Array needs to be sorted ? I see The solution works even if the array is not sorted.

• Somya Kajla

public int removeDuplicates(int[] nums) {
int dup_status = 1;
int index = 1;
for(int i = 0; i < nums.length-1; i++){
if(nums[i] != nums[i+1] ){
dup_status = 1;
nums[index ++] = nums[i+1];
}
else if(nums[i] == nums[i+1] && dup_status < 2){
dup_status ++;
nums[index ++] = nums[i+1];
}

}
return index;

}

• Ankit Shah

similar to the duplicates I solution

``` private static int[] removeDuplicateII(int[] a) { if (a.length < 3) return a; int i = 0; int j = 1; int k = 2; while (k < a.length) { if (a[i] == a[j] && a[j] == a[k]) { j++; k++; } else { i++; a[i] = a[j]; j++; a[j] = a[k]; k++; } } ```

``` int[] b = Arrays.copyOf(a, i + 2); return b; } ```

• Larry Okeke

``` public static int remove_duplicates(int[] nums){ int duplicates =0; for(int i = 0; i < nums.length; i++){ if(i < nums.length-1 && nums[i] == nums[i+1]){ int step = i++; while((i < nums.length-1 )&&nums[step] == nums[i++]){ duplicates++; } } } return nums.length - duplicates; ```

``` } ```

• Swathi

` `

``` int[] removeDuplicatesN(int[] arr, int N){ int i=0,j=1, l=0; int n= arr.length; while(j<n){ if(arr[i]==arr[j]){ j++; l++; if(l<N) i++; } else{ l=0; i++; arr[i] = arr[j]; j++; } } return Arrays.copyOf(arr, i+1); } ```

• cp

the better solution has a little bug.

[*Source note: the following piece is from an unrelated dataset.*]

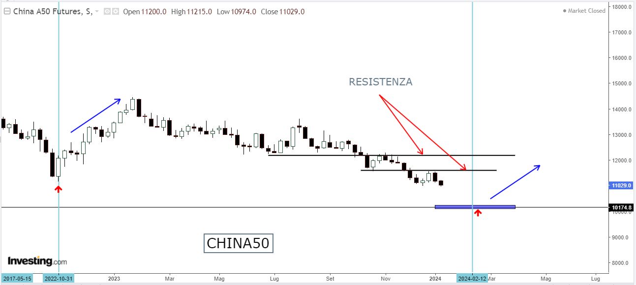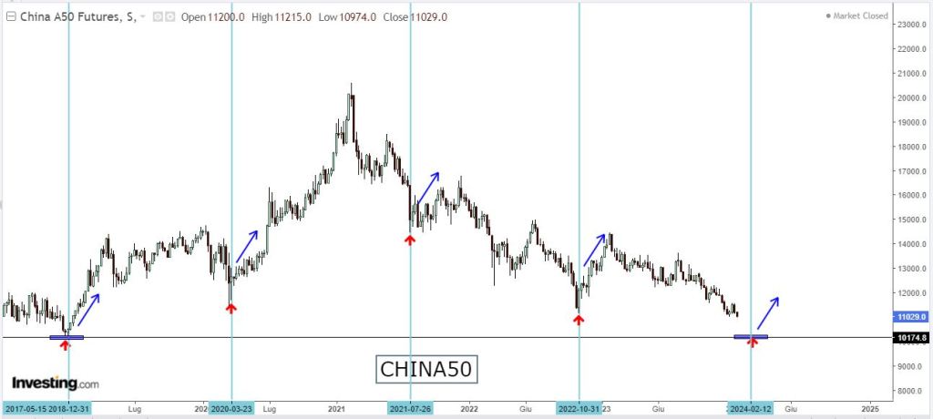 Come nostra abitudine ci rifacciamo all’analisi tecnica e ai crudi numeri e analizziamo il grafico di Borsa dell’indice ChinaA50:
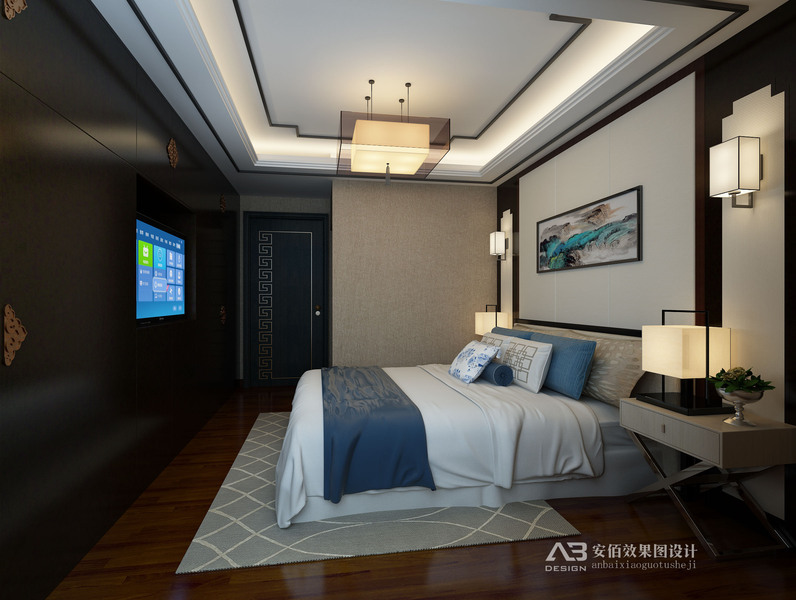 泰安都市森林小区154㎡中式风格装修设计效果图案例

If an array [1,1] then it does not remove the element.

• vincent

Good!

• Liang Tao

I think what you said is the answer for “Remove Duplicates” problem, not this II version.

• TK

class Solution {
public:
int removeDuplicates(int A[], int n) {
int currentPosition = 2;
for (int i = 2; i < n; ++ i)
if (A[i] != A[i-2])
A[currentPosition++] = A[i];
return min(currentPosition, n);
}
};

• claire

great solution

• The better solution is actually confusing. We can make the rule like this:
Assign previous pointer to 1st element(a[0]) and current pointer to 2nd element(a[1]).
1) if a[prev] != a[curr], {prev++; a[prev]=a[cur]; cur++;}
2) else, {cur++;}

you can remove the A[curr] == A[prev – 1] in this case.

• W Han

In the first solution, the loop starts from the second element. If input array has only one element it will cause index out of bounds error.